## [PROBLEM DESCRIPTION]
What is wanted is every line below from the one with "Kegiatan jalan santai" up to and including the one with "Lace embroidery wrap", retyped exactly, pictures excluded, nothing else.
TASK MATERIAL Block Start
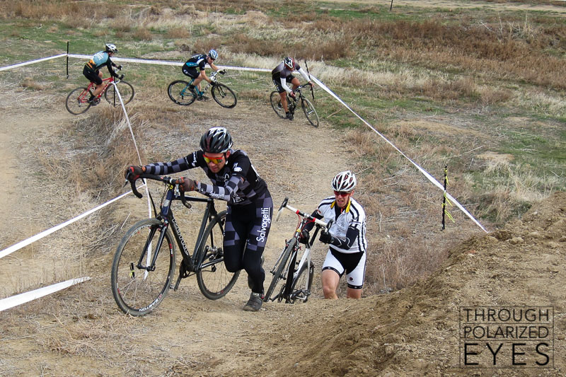 With an inch of clay covering her shoes, Lauren gave up trying to clear them. Before the SM4 race, the entire field was trying to clear mud from their shoes and pedals, to no avail. As soon as racers stepped off their bikes for a run-up, their shoes were immediately coated in clay. I spent about 1/3 of my race trying to get clipped back in, which isn’t a good recipe for putting power down. By the later races, the course was dry, fast, and smooth.
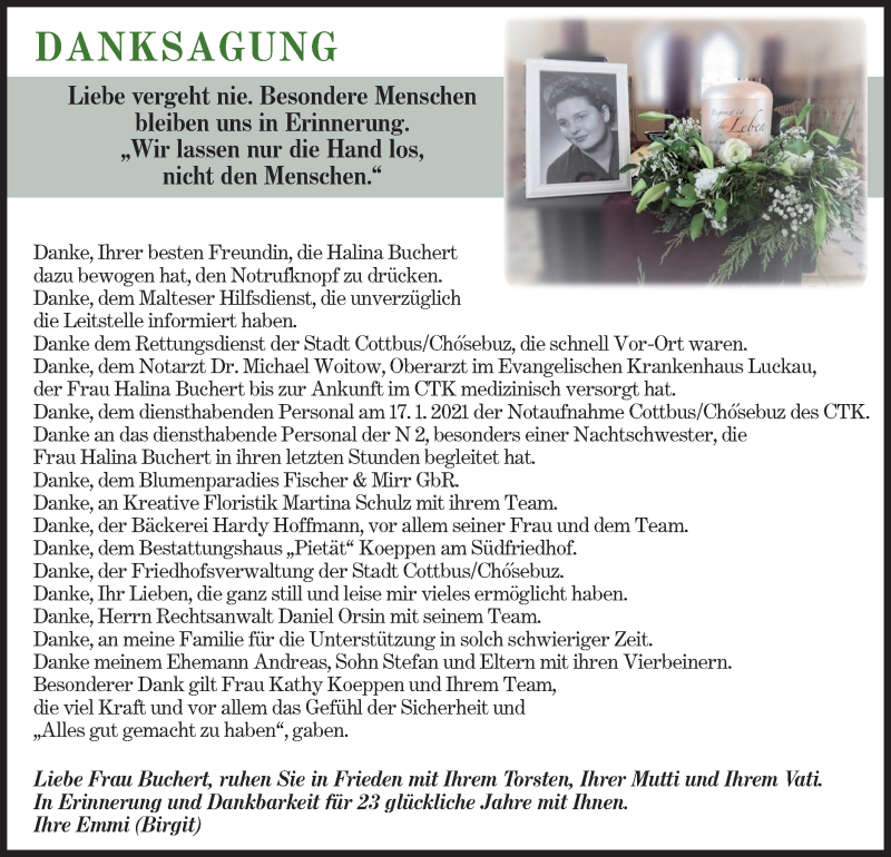 Hier finden Sie alle Traueranzeigen aus der Zeitung, die bisher für Halina Buchert erschienen sind. Weitere Traueranzeigen, die in der Zeitung erscheinen, werden hier ebenfalls aufgelistet
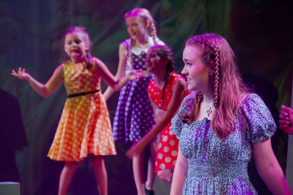 Equally dumb, Autumn Cravens as Kitty is a ditzy chorine, constantly nagging her boss and wedding escort Feldzeig to let her fill Janet’s shoes in his next Follies. Effortlessly, Dudas will outperform Cravens in thwarting Feldzeig’s schemes. Love conquers all, but it would be a huge spoiler to say how many times when we reach this very happy ending.
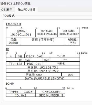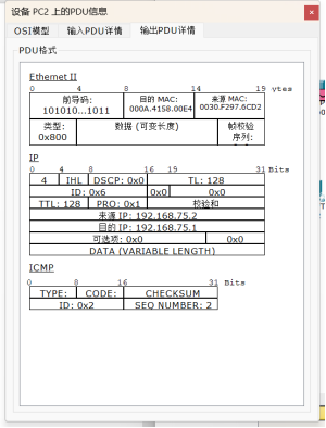 图中可见:pc1输出PDU的目的MAC和来源MAC和pc2输出PDU的MAC是相反的。
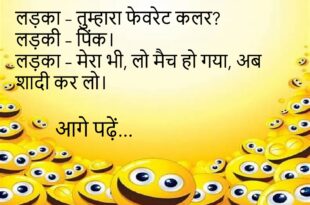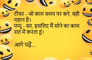 टीचर – कौन-सी गैस हमें हंसाती है?पप्पू – WhatsApp Status Gas।😊😊😊😊 ****************************************** पति – आज खाना बहुत स्वादिष्ट है।पत्नी – सच में?पति – हां, आज तुम्हें बनाने का मौका नहीं मिला न।😊😊😊😊 ****************************************** गोलू – मेरी गर्लफ्रेंड मुझे छोड़कर चली गई।मोनू – क्यों?गोलू – उसने कहा, “तुम मेरे सपनों के राजकुमार नहीं हो।”मोनू – तो?गोलू – मैंने भी कहा, “और …
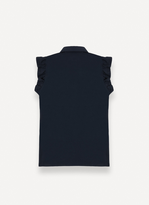 Women’s polo-shirt made from soft stretch cotton piqué fabric. The sleeves are embellished with ruches that add a touch of femininity to the garment.
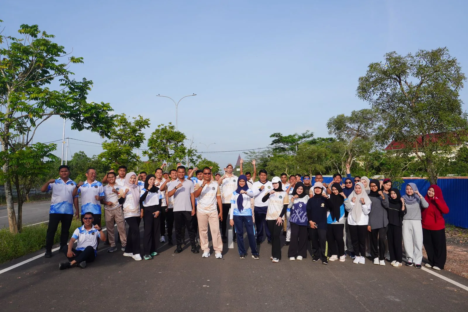 Kegiatan jalan santai dilakukan bersama jajaran petugas Lapas Banjarbaru serta peserta magang dari Kementerian Ketenagakerjaan (Kemnaker) dengan tujuan mempererat hubungan kerja sekaligus menjaga kebugaran fisik.
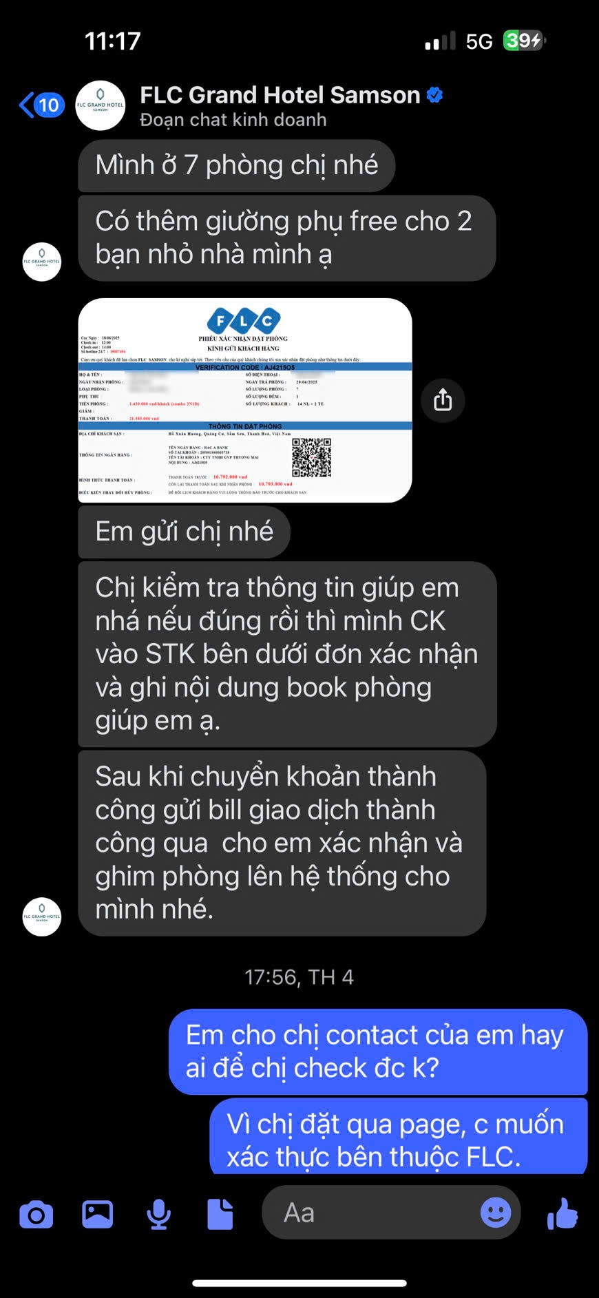 Chị Mai kể: “Tôi thấy fanpage có hơn 46 nghìn lượt theo dõi, lại có tích xanh nên rất tin tưởng. Tôi đặt 7 phòng cho gia đình đi nghỉ vào cuối tháng 6 này. Rất nhanh, phía bên kia phản hồi và xuất luôn voucher, với giá là gần 1,5 triệu/đêm. Nhưng khi chuẩn bị thanh toán 50% theo yêu cầu của họ, tôi ngờ ngợ vì tên tài khoản lại là một công ty khác không liên quan đến đơn vị FLC. Tôi đã nhờ bạn bè trong ngành du lịch kiểm tra lại thì phát hiện, đó là tài khoản của kẻ xấu. Rất may mắn là tôi đã cảnh giác”.
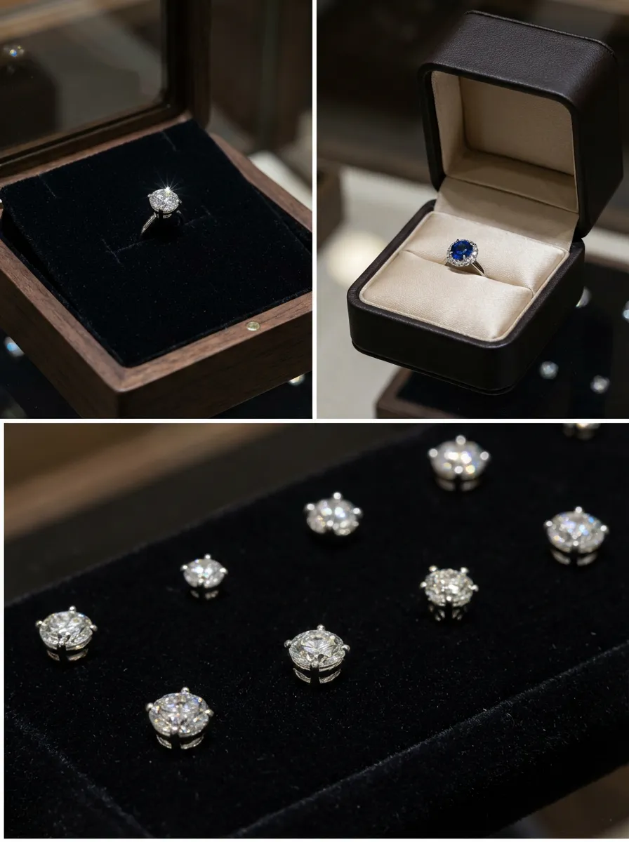Сложная геометрия. Мы объединяем несколько меньших камней (например, в форме цветка или тройной) с помощью общих зажимов. Это создает эффект большего веса карата с ярким блеском.
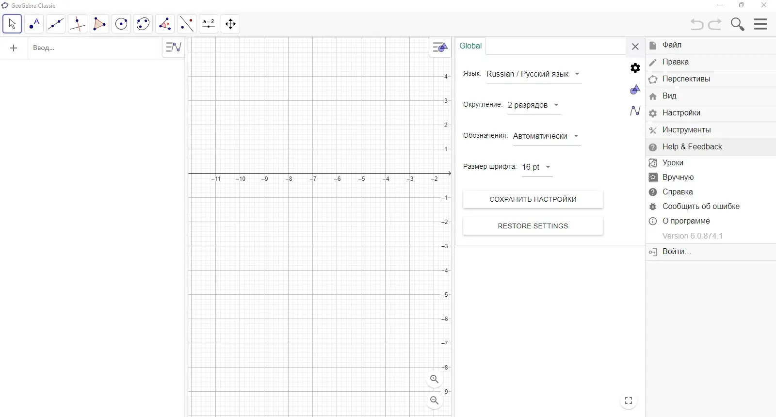 Использование GeoGebra начинается с выбора подходящего режима работы: классический интерфейс classic подходит для традиционного изучения алгебры и геометрии, в то время как режим 3d позволяет строить объёмные фигуры и исследовать их свойства в пространстве. Пользователь может вводить уравнения в поле ввода, и программа автоматически построит соответствующий график, а с помощью инструментов черчения — создавать точки, прямые, окружности и многоугольники с точным контрем параметров. Все объекты связаны между собой, поэтому изменение координат точки на плоскости мгновенно отразится на графике функции и в алгебраическом окне.
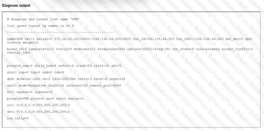 The VPN is not up. To diagnose the issue, the administrator enters the following CLI commands on an SSH session on FortiGate:
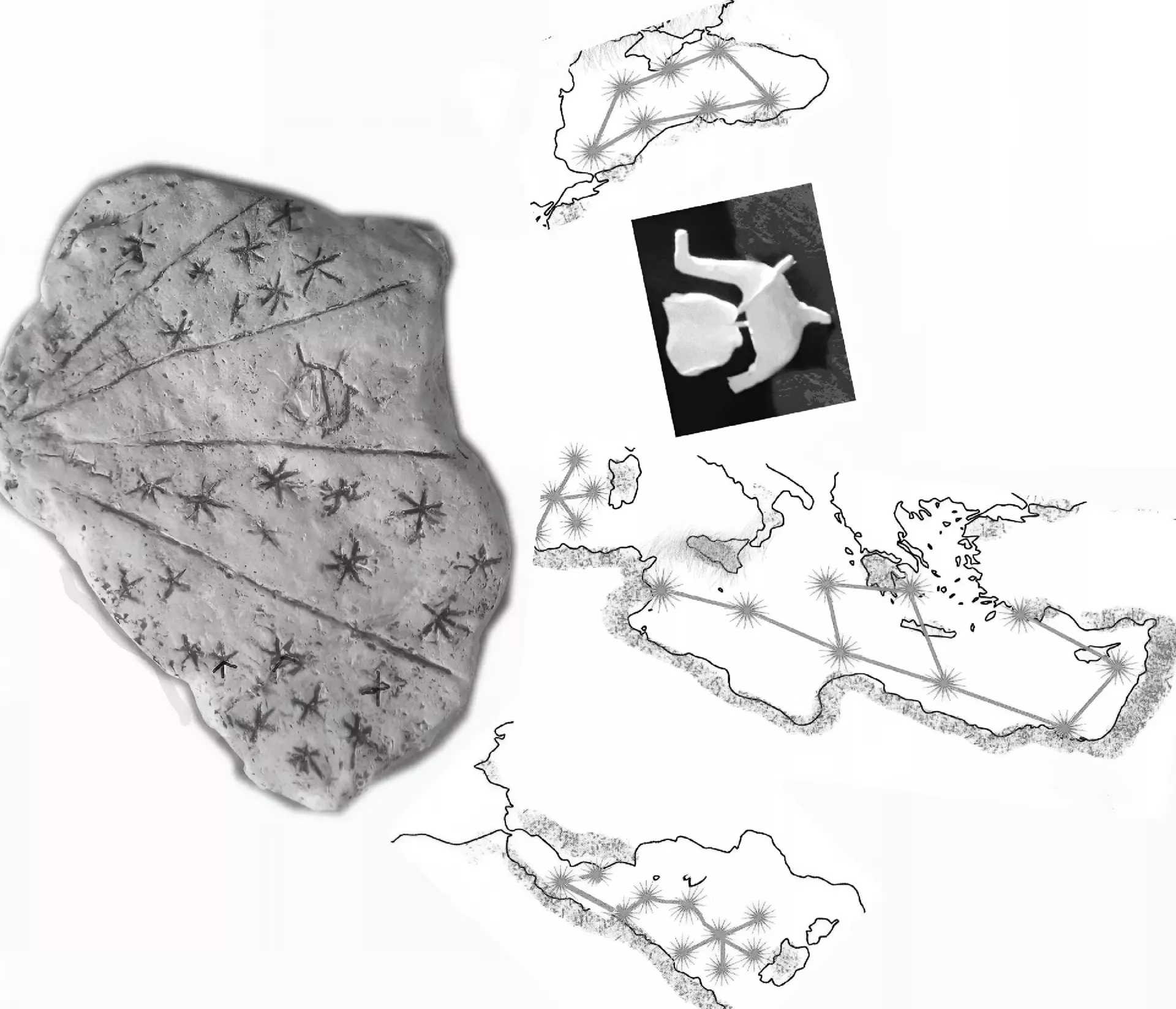 Tri sekvence na kamnu prikazujejo ozvezdja Škorpijona, Device in Leva, ki kažejo poti med Sredozemskim in Črnim morjem. Vmesna sekvenca z vgravirano »ptičjo barko« pa kaže položaj ob Malti, kjer je bil najden kamen.
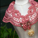 Lace embroidery wrap shawl, classic flower motif, triangle shape with rounded edges. In salmon pink tone, true color better shown on pictures with white background.
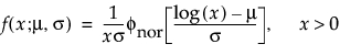 The lognormal family is parameterized by a location parameter, μ, and a shape parameter, σ. The lognormal pdf and cdf are given as follows, where the logarithm is to the base e:
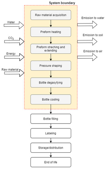 The analysis covers the entire cycle of the bottle shaping process, meaning that that all steps of this process are included, from the pre-mould delivery to the manufacturing company, up to the moment when beverage bottles are correctly shaped in the moulding process (Figure 3). Further processes, such as the filling of bottles with beverages, the labelling or storage/distribution thereof were not included in the system. Furthermore, the transportation of raw material and storage was also omitted.
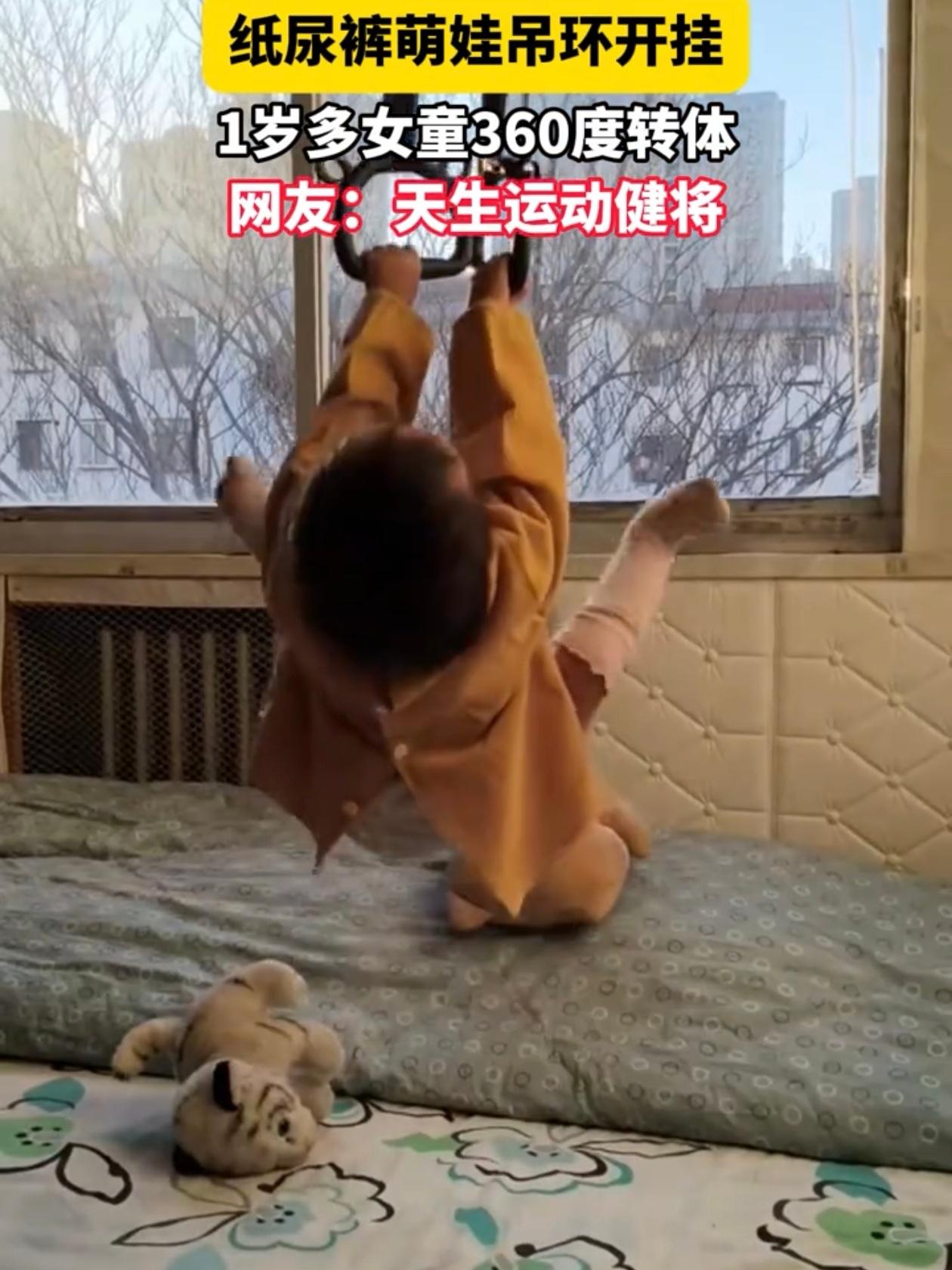 河北秦皇岛有个宝宝,才1岁多,没人教,单杠吊环上转体倒挂引体向上,自己摸索出来的,动作利索,妈妈拍视频发出去,网友看傻了,说孟婆汤掺水了,这孩子上辈子肯定练过。 宝宝刚会走那会儿精力旺,天天蹦,脚不爱沾地,喜欢吊着挂着,妈妈看他这样,卧室装了单杠吊环,想让他消耗消耗,结果上去就不下来了,抓着杆子自己晃,转一圈,倒挂一下,拉几下,没两天就会了。 妈妈在边上看着也懵,这玩意儿没教过啊,宝宝自己上去摸索摸索就成了,手抓得稳,身子一甩翻过去,倒挂着还笑,一点不怕,妈妈心里又惊又慌,怕摔着,可宝宝玩得欢,每天吊一会儿才肯罢休。 视频传开网友炸了,有人说天生体操苗子,身体素质在那儿,有人调侃孟婆汤掺了水,1岁多就引体向上,这天赋没谁了,评论区全是惊叹号,还有人喊体操队来人,赶紧看看这宝宝。 也有人提醒,宝宝骨骼软,关节没长好,这么吊着悬着,伤着咋办,得盯紧点,别光拍视频,孩子安全要紧,妈妈回说一直守着呢,地上铺垫子了,不敢松。 宝宝现在天天玩,单杠吊环就是他玩具,抓着就上,翻来翻去,妈妈习惯了,边上守着,手机举着拍,网友催更新,想看他又整出啥新花样,评论区天天问今天练了没。 这事儿看着稀奇,可也说明天赋这东西真玄,有的孩子生下来就带本事,别人练半天不会的,他一上手就成,宝宝这劲头要是保住,说不定真能走远,妈妈自己也没想到,装个单杠吊环消耗精力,结果整出个小体操运动员。 妈妈说现在就是让他玩,没想那么多,能动能跳就行,以后走不走体操这路等大点再说,让他开心就好,话这么说,可视频底下已经一堆人喊国家队来人了,还有人问在哪儿,想带孩子去学学。 你们觉得,这宝宝能不能成运动员。
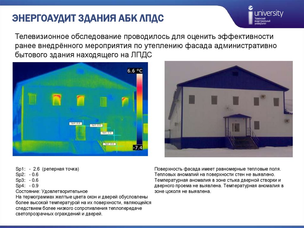 ЭНЕРГОАУДИТ ЗДАНИЯ АБК ЛПДСТелевизионное обследование проводилось для оценить эффективности
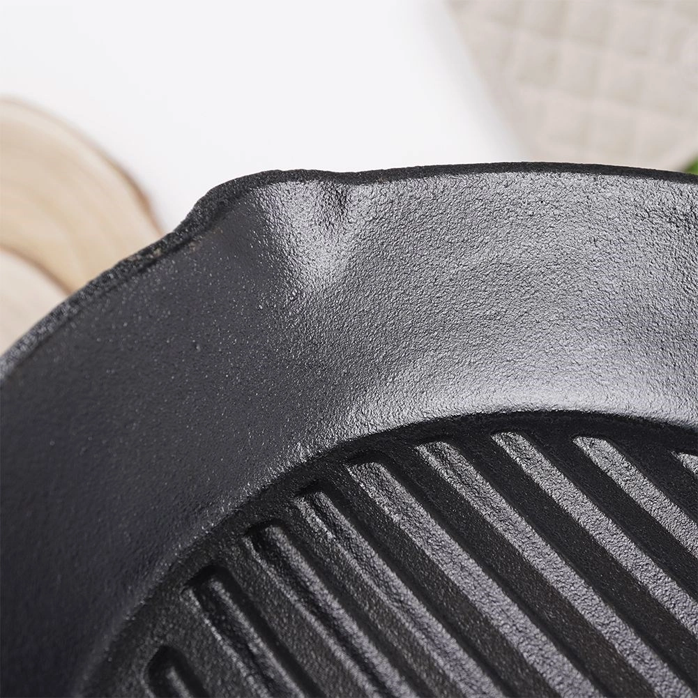 Le corps massif en fonte chauffe uniformément et maintient une température élevée pour une saisie idéale de la viande et une croûte croustillante.
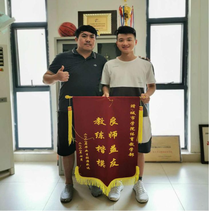 7月2日张潘同学返回学院,为体育教学部领导和老师送来致谢锦旗,感谢四年来体育教学部领导的悉心关照,教练员的精心栽培。
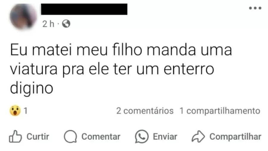 Mãe postou sobre o crime no Facebook e pediu que chamassem a polícia. “Eu matei meu filho. Mandem uma viatura para ele ter um enterro digno”, escreveu a mulher.
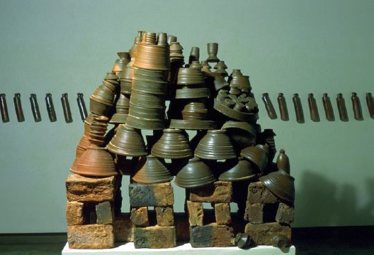 This piece was restacked in the gallery with the same placement it had in the kiln. The right side of the stack collapsed during the firing.
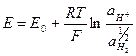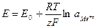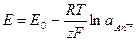 Применяя уравнение Нернста с учетом выбранного стандартного состояния, получаем:
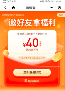 基础奖励:(满59元减40元)优惠券,最多领取28张
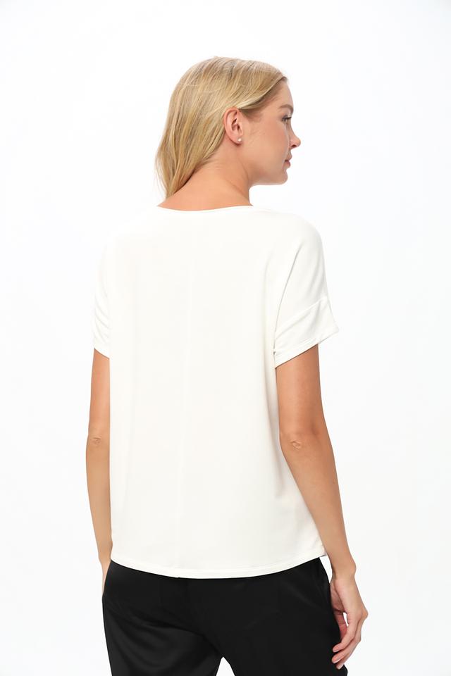 Модель имеет свободный крой, короткие рукава и круглый вырез горловины. Футболка изготовлена из высококачественного трикотажа, состоящего из 45% вискозы, 45% модала и 10% эластана. Благодаря такому составу, футболка приятна к телу, хорошо держит форму и не мнется.
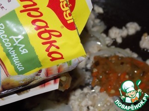 • Лук обжарить с фаршем до готовности, добавить заправку Магги, тушить 2 минуты.
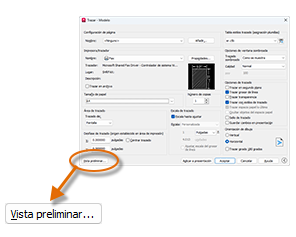 La ventana de vista preliminar resultante incluye una barra de herramientas con varios controles, incluidos Trazar y Cerrar ventana de vista preliminar.
TASK MATERIAL Block End
## [THE COMPLETED TASK]
 Kegiatan jalan santai dilakukan bersama jajaran petugas Lapas Banjarbaru serta peserta magang dari Kementerian Ketenagakerjaan (Kemnaker) dengan tujuan mempererat hubungan kerja sekaligus menjaga kebugaran fisik.
 Chị Mai kể: “Tôi thấy fanpage có hơn 46 nghìn lượt theo dõi, lại có tích xanh nên rất tin tưởng. Tôi đặt 7 phòng cho gia đình đi nghỉ vào cuối tháng 6 này. Rất nhanh, phía bên kia phản hồi và xuất luôn voucher, với giá là gần 1,5 triệu/đêm. Nhưng khi chuẩn bị thanh toán 50% theo yêu cầu của họ, tôi ngờ ngợ vì tên tài khoản lại là một công ty khác không liên quan đến đơn vị FLC. Tôi đã nhờ bạn bè trong ngành du lịch kiểm tra lại thì phát hiện, đó là tài khoản của kẻ xấu. Rất may mắn là tôi đã cảnh giác”.
Сложная геометрия. Мы объединяем несколько меньших камней (например, в форме цветка или тройной) с помощью общих зажимов. Это создает эффект большего веса карата с ярким блеском.
 Использование GeoGebra начинается с выбора подходящего режима работы: классический интерфейс classic подходит для традиционного изучения алгебры и геометрии, в то время как режим 3d позволяет строить объёмные фигуры и исследовать их свойства в пространстве. Пользователь может вводить уравнения в поле ввода, и программа автоматически построит соответствующий график, а с помощью инструментов черчения — создавать точки, прямые, окружности и многоугольники с точным контрем параметров. Все объекты связаны между собой, поэтому изменение координат точки на плоскости мгновенно отразится на графике функции и в алгебраическом окне.
 The VPN is not up. To diagnose the issue, the administrator enters the following CLI commands on an SSH session on FortiGate:
 Tri sekvence na kamnu prikazujejo ozvezdja Škorpijona, Device in Leva, ki kažejo poti med Sredozemskim in Črnim morjem. Vmesna sekvenca z vgravirano »ptičjo barko« pa kaže položaj ob Malti, kjer je bil najden kamen.
 Lace embroidery wrap shawl, classic flower motif, triangle shape with rounded edges. In salmon pink tone, true color better shown on pictures with white background.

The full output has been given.